If you aren't an avid runner (yet), you'll need to get outfitted properly to begin training. If you don't wear proper running shoes, and if you skimp on your gear, your long distance training runs will be painful--before and after. Here are a few guidelines to get you started:

  • never begin a training program in old shoes. When you strike the ground, your foot, your body, and your shoes absorb a tremendous amount of force. If your shoes are old, their ability to cushion the blow is reduced, meaning that all of that kinetic energy is sent to the tissues in your feet, ankles, and knees. You'll have increased changes of developing tendonitis in the knee and ankle, and shin splints will become your new best enemy post run. 
  • never use a pair of shoes that were worn frequently by another runner. You never know how many miles those hand-me-downs have seen before you start using them. Also, as you run, your shoes form to your feet and striking patterns. Your feet may not have the same level of support in the areas you need if you use a shoe broken in by someone else. 
  • always choose good socks. Part of marathon training means developing your body's ability to endure through long runs. During those runs, your feet will begin to chafe, and blisters will start to form after you've clocked several miles. Thick socks that are tight-fitting to the foot are the best way to help prevent your feet from experiencing this painful ordeal. Moisture in the shoe can make this problem worse. Running socks are made from synthetic materials that wick moisture away from the foot.
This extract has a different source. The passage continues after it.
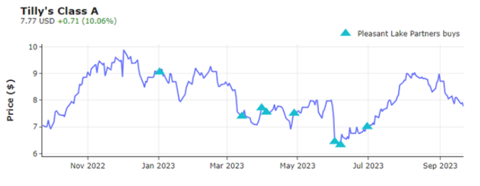 Pleasant Lake’s long portfolio today is heavily invested in small-cap consumer names, the largest of which is a ~$50 million stake in Tilly’s, a specialty retailer. Over the past two years, Pleasant Lake has bought over 20% of the company and has continued to add to its position in recent months. Newtyn , Shay Capital , and Divisar Capital also have meaningful stakes in Tilly’s.
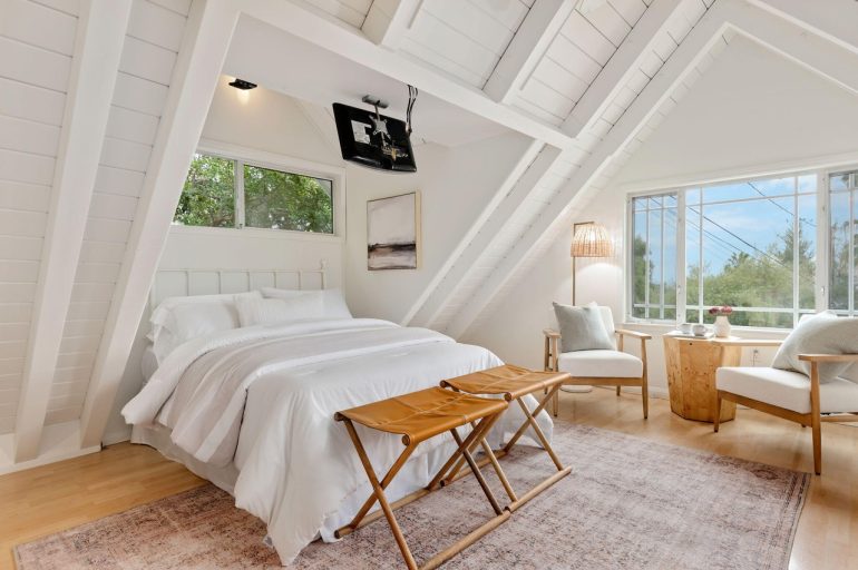 2401 Medcliff Road ($8.4 million) is one of the 1970s West Mesa houses that were originally part of Mike Love’s compound, before they got sold off in the early 1980s. It cuts a striking figure, to be sure, and the Mesa Lane Steps to the beach are down the block. But it needs a thorough redo—take the bedroom accessed via the garage or that terrifying soffit-like thing above one of the beds—not to mention landscaping that involves plants. P.S. Is this staged?

Form Will Make You Fabulous

You never would have thought that running would be so complicated. You just start moving, right? Well, running a certain way will actually help you to prevent injury and pain, especially if you are putting in as many miles as marathon training requires. The next time you lace up your running shoes and start pounding the pavement:

1. Try to strike with the toe or the middle of the foot. Many runners will strike with the heel. Heel striking is not terrible every once in a while, but when running over a long distance, this consistent motion can actually lead to injury, especially because heel striking causes runners to overstep, straightening the leg too much. When your heel hits the ground first during overstrike, the ankle and knee joints, instead of helping to cushion the shock through natural bending, receive the blunt force of the impact without the flexibility of motion that they would normally have if the foot hit the ground differently.

If you are a natural heel striker, though, it would be best to talk to a foot and ankle specialist, like a podiatric sports medicine doctor, about your running tendencies. Some people are more naturally inclined to mid-foot striking, and it can be difficult for some people to adapt to this style of running. If it is not done properly, the change from heel to toe could actually also cause injury. It's always best to consult a specialist about striking patterns to learn which is best for you. 

2. Lean forward. Running is an action similar to catching yourself from falling. Leaning forward while running engages the upper body into similar forward motion, and takes some of the stress off of the lower joints. Leaning forward while running will help reduce pain in the knees, especially as the force of running is compounded over the miles of marathon training, as well as reduce your chances of developing stress fractures in the feet.